Our infrastructure team is designing a real-time event processing engine for a financial client. We are researching what is Apache Spark used for within cloud technology environments when handling continuous telemetry data. Can its structured streaming APIs reliably process live Kafka topics with low latency while maintaining strict fault-tolerance guarantees?
3 answers
In cloud infrastructure, answering what is Apache Spark used for centers heavily on its Structured Streaming framework. It is used to process live, high-throughput data feeds by breaking the continuous stream into small, manageable micro-batches or using its continuous processing engine for sub-millisecond latencies.

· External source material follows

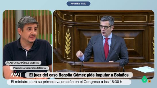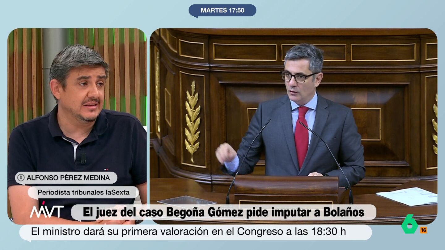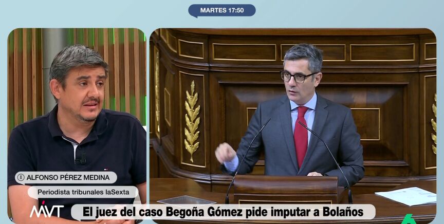 “En sus autos hemos visto muchas cosas exóticas como esta”, ha expresado el periodista de tribunales de laSexta, Alfonso Pérez Medina. Analizando esta petición de imputación sobre el ministro Feliz Bolaños, el periodista considera que "es muy discutible el falso testimonio, porque al final es la palabra de Bolaños contra la palabra del coordinador de personal. Y darle más valor a una que otra, sin más indicios periféricos, es un poco arriesgado".

It integrates natively with message brokers like Apache Kafka or AWS Kinesis, applying windowed aggregations, fraud detection state checks, and instantaneous schema validations before streaming the refined telemetry data into cloud data lakes.
Are you planning to host your streaming Spark clusters on self-managed EC2 instances using Kubernetes, or are you looking at fully managed cloud offerings like Databricks or Amazon EMR?
Do not overlook Spark's checkpointing capabilities. It provides an exact-once processing guarantee which is mandatory for financial ledger stream auditing.
That is a crucial architecture point, Rebecca. Ensuring zero data loss or duplication through write-ahead logs and state checkpoints is exactly why enterprise cloud networks trust Spark for heavy financial event processing.
We are actively leaning toward a fully managed Databricks architecture. Hand-configuring cluster auto-scaling, node replication, and memory allocation parameters inside a raw Kubernetes deployment introduces too much operational friction for our cloud engineers when we need to focus on core streaming logic.